** Opening Records to use block **

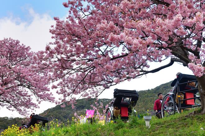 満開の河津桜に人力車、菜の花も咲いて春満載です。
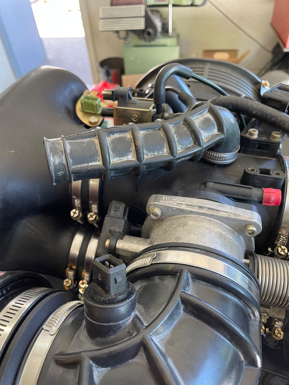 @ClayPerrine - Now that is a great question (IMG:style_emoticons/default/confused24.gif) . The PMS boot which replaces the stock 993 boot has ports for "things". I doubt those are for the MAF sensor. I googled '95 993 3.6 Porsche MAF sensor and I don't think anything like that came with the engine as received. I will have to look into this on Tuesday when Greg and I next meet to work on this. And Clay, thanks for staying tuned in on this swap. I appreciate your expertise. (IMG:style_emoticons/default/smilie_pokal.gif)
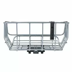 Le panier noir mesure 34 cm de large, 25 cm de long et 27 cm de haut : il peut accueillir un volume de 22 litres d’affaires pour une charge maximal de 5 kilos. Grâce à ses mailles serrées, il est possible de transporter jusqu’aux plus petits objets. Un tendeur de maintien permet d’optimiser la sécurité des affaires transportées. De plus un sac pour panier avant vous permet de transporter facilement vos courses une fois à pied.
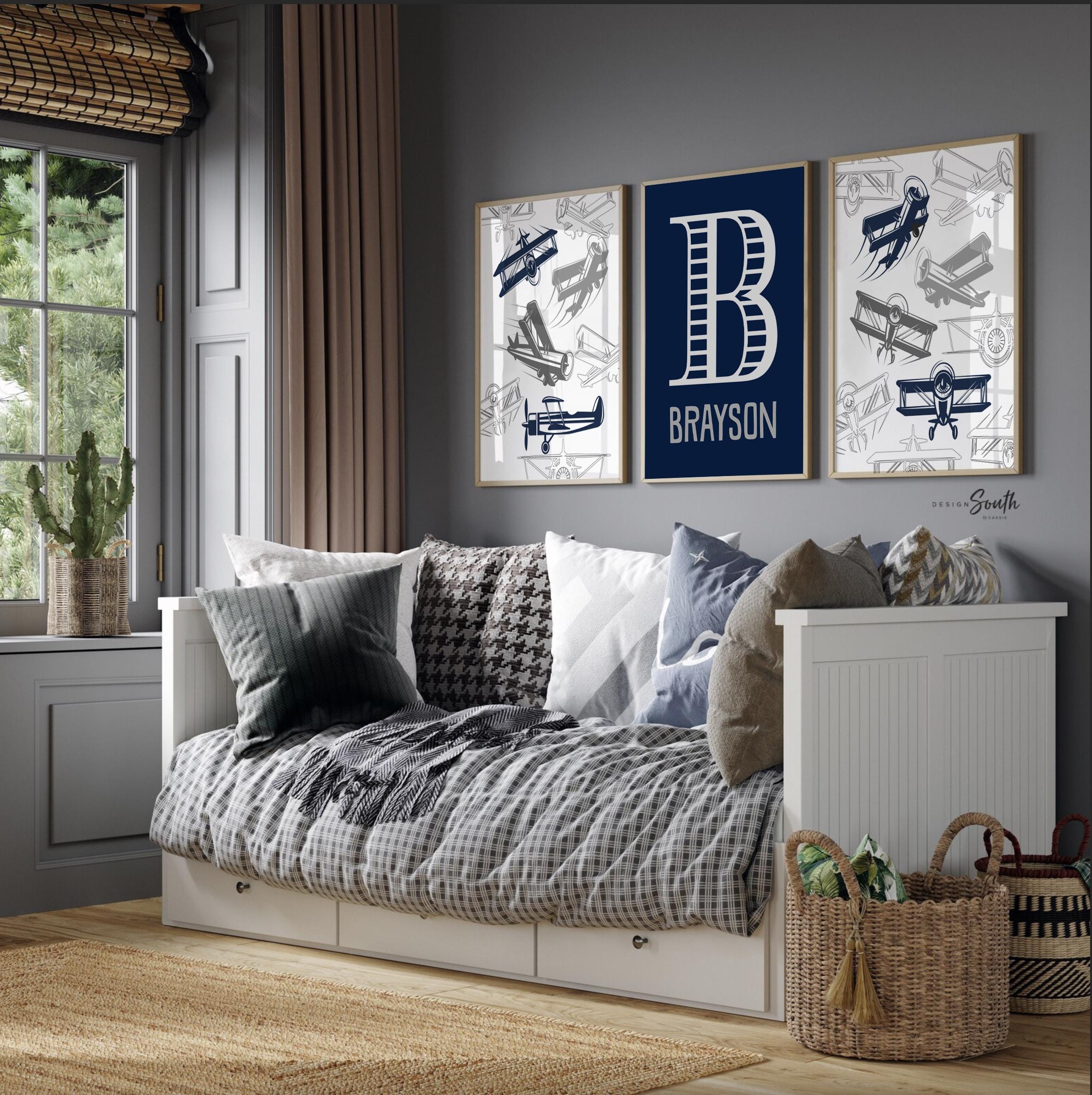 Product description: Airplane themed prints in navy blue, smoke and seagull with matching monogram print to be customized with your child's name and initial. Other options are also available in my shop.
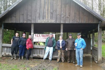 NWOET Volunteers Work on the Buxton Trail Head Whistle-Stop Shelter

** Closing Records to use block **
** Opening Records to use block **

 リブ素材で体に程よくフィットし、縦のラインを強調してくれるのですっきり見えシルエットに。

** Closing Records to use block **
** Opening Records to use block **

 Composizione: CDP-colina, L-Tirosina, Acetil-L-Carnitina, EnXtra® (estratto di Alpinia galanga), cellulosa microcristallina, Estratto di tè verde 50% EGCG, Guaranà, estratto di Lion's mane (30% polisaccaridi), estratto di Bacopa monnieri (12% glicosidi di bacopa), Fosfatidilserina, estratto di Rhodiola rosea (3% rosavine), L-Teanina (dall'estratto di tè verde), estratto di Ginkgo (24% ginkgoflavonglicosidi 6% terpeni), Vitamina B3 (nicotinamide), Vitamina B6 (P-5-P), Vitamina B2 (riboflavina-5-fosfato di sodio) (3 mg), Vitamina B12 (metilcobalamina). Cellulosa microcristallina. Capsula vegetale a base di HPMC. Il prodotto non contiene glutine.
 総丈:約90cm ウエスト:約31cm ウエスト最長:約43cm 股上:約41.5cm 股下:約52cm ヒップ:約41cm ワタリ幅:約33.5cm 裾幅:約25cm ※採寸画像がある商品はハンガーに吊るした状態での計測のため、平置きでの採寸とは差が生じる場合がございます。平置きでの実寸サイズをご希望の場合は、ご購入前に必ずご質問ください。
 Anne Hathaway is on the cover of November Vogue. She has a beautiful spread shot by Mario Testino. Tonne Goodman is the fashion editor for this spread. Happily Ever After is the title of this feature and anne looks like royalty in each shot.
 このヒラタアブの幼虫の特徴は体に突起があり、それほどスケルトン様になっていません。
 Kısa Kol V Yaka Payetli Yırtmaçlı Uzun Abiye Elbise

** Closing Records to use block **

Nothing but the lines above from the line with "満開の河津桜に人力車、菜の花も咲いて春満載です。" up to and including the line with "NWOET Volunteers Work" should be returned, exactly as written and without pictures.

Solution:
 満開の河津桜に人力車、菜の花も咲いて春満載です。
 @ClayPerrine - Now that is a great question (IMG:style_emoticons/default/confused24.gif) . The PMS boot which replaces the stock 993 boot has ports for "things". I doubt those are for the MAF sensor. I googled '95 993 3.6 Porsche MAF sensor and I don't think anything like that came with the engine as received. I will have to look into this on Tuesday when Greg and I next meet to work on this. And Clay, thanks for staying tuned in on this swap. I appreciate your expertise. (IMG:style_emoticons/default/smilie_pokal.gif)
 Le panier noir mesure 34 cm de large, 25 cm de long et 27 cm de haut : il peut accueillir un volume de 22 litres d’affaires pour une charge maximal de 5 kilos. Grâce à ses mailles serrées, il est possible de transporter jusqu’aux plus petits objets. Un tendeur de maintien permet d’optimiser la sécurité des affaires transportées. De plus un sac pour panier avant vous permet de transporter facilement vos courses une fois à pied.
 Product description: Airplane themed prints in navy blue, smoke and seagull with matching monogram print to be customized with your child's name and initial. Other options are also available in my shop.
 NWOET Volunteers Work on the Buxton Trail Head Whistle-Stop Shelter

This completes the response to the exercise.